Occasionally, a post that I write is deemed interesting enough by another blogger to be quoted. This generates an incoming link that appears among the article’s comments. I don’t mind this at all. In fact, I think it’s good when bloggers read one another’s posts and take up the discussion. So if you are an honest blogger, you may quote me on that and on anything else!
However (and there’s always a however in this wicked world), there are those who quote my blog – and yours, and anyone else’s – for less innocent reasons. This practice has become so prevalent as to rival spamming as a nuisance and has attracted the ire of the blogging community. As a result, it has been given a name, blog scraping, and the blogs based on it are referred to by the term splogs.
As far as I can make out, there are two main sorts of splogs. They all have one thing in common (with the odd exception), namely that their authors (if they deserve such a name) use automatic software to cruise the blogosphere and seize on certain articles according to the keywords in them.
Let me give you an example. A few weeks back, I wrote a couple of posts about my hearing aids. These were immediately “scraped” by a site claiming to aggregate information on hearing aids. However, the word “hearing” also appeared in a later post of mine, this time without any reference to hearing aids, and that post, too, was scraped by the same splog. This lack of finesse shows that automatic software is being used.
The different sorts of splog that I know of (though there may be others) are, firstly, those that quote the whole of a post, often without acknowledging the source (i.e. you or your blog) or even assigning it to a false authorship and, secondly, those that quote a few lines of an article, following these with a “Read more…” link to the original post. What these splogs tend to have in common, apart from a rather dull format, is a complete lack of any contact information, making it difficult to express your displeasure at their actions.
How do you know you have been “scraped”? An essential part of the scraping process is to generate an incoming link to your blog. You will see this, either in the comments section at the end of a post or among the comments held for review as possible spams by the blogging software. The idea behind this, I think, is to try to generate traffic to the splog which will raise its ranking on search engines such as Google.

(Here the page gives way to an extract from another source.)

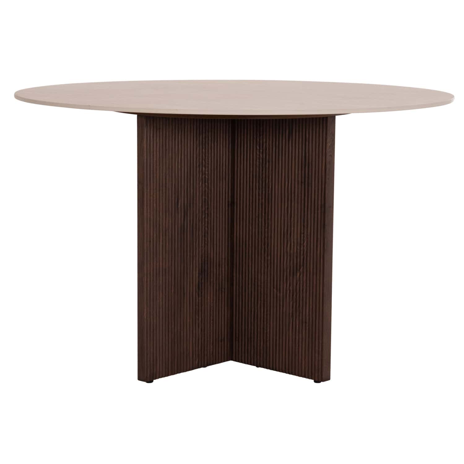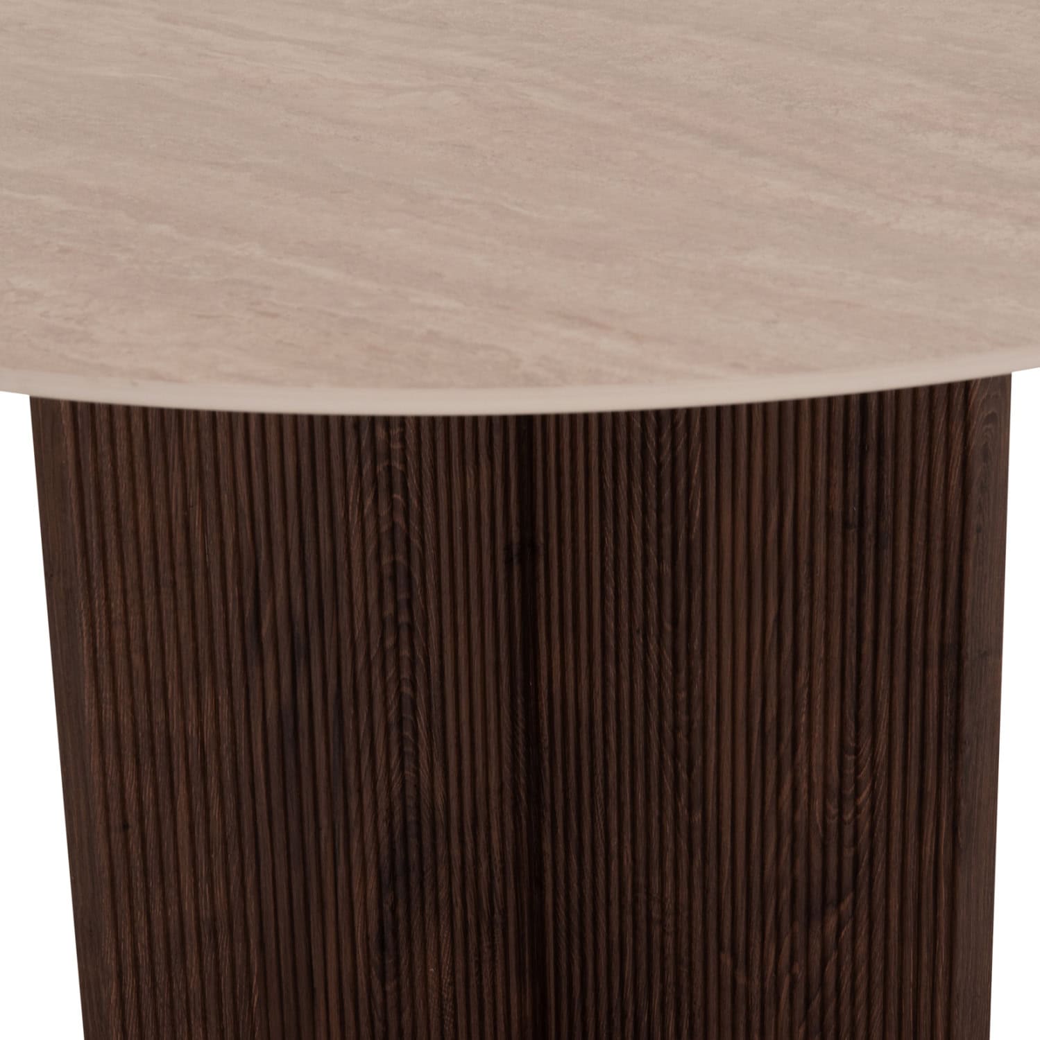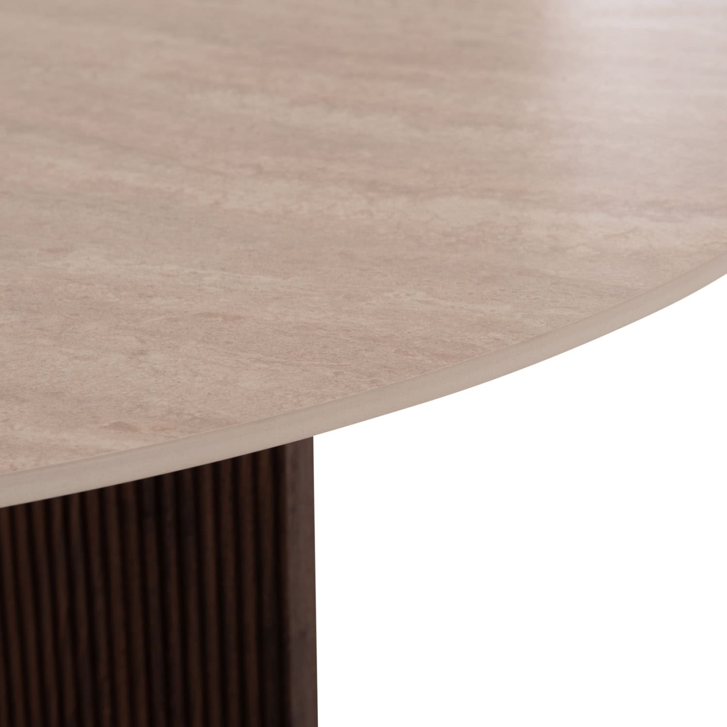 Το τραπέζι τραπεζαρίας FB918331 είναι στρογγυλό και αποτελεί νέα προσθήκη στην γκάμα μας. Η επίπεδη επιφάνειά του είναι κεραμική σε χρωματισμό TRAVERTINE STONE, ενώ η βάση του είναι σταυρωτή κατασκευασμένη εξολοκλήρου από MDF σε καφέ χρώμα, με όμορφες πτυχώσεις.

Why would these parasites wish their sad, unoriginal and lack-lustre little splogs to achieve such favour? There might be several motives, I suppose. A splog with a high profile might attract advertising, for example, and thus generate income.
So does scraping really matter? After all, doesn’t it possibly give your blog extra publicity? There are several answers to that, depending on the different sorts of blogs that are scraped. In the first place, most honest people deprecate with various degrees of passion such parasitical use of their original work. If you are an artist or writer or a provider of information, you do not want your work to be stolen and credited to someone else. At the very least, scraping is a breach of copyright. Added to this, you, the author, have no control over where your work is exhibited and may find your posts appearing where you do not wish them to appear, for example on porn sites.

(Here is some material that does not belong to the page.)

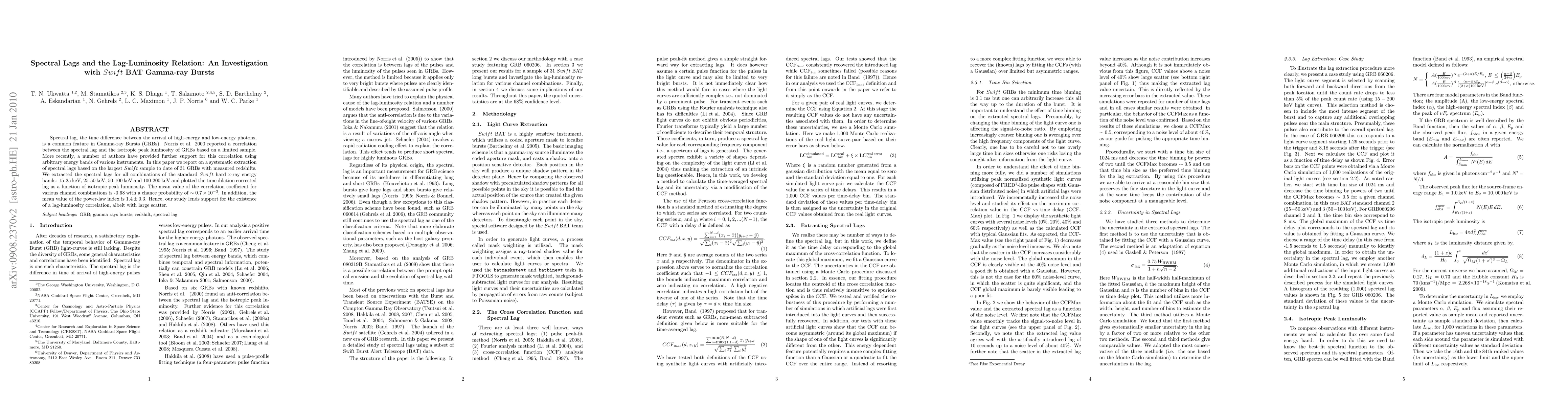 This paper investigates spectral lags in Swift BAT Gamma-ray Bursts, finding a correlation between spectral lag and isotropic peak luminosity with a correlation coefficient of -0.68, supporting the lag-luminosity relation despite significant scatter.

Are there any defences against scraping? None that I can see. A lot of bloggers now put copyright or creative commons licence announcements on their blogs. If you use WordPress, there is a plug-in * designed to insert a copyright notice in your text if this is quoted in its entirety. I don’t think these help much because machines don’t take any notice of copyright notices and scrapers probably pay no need to them either.
Are there, then, any remedies once the offence has occurred? If you can find a contact address, you can try asking the splogger to remove your content. Some bloggers report success in this. If you cannot contact the splogger or if the latter does not respond, you can contact the Internet service provider who is hosting the splog. This too has met with some success.
This is all very reminiscent of the fight against spammers. It costs time and possibly money to go along this route and unless you are a business blogger and you feel your business is being jeopardized, it may not be worth the trouble.
In any case, such victories, if they are won, are piecemeal. For every splog that you persuade to delete your post or is closed down, several more will appear to continue their parasitical activities. As with spammers, we are on a hiding to nothing in the absence of a global strategy to deal with the problem.
There are no copyright notices on my blog. This is not because I do not value my work but because I believe that the blogging community in general is honest and because I do not want to deter others from quoting me or linking to me for perfectly legitimate reasons whereas those who rip off my content will ignore copyright notices anyway. Ending every post with “© 2008 SilverTiger” would, I feel, be giving in to hysteria. You may disagree with me and, if so, good luck to you. Let me know whether it makes any difference and I will perhaps change my mind.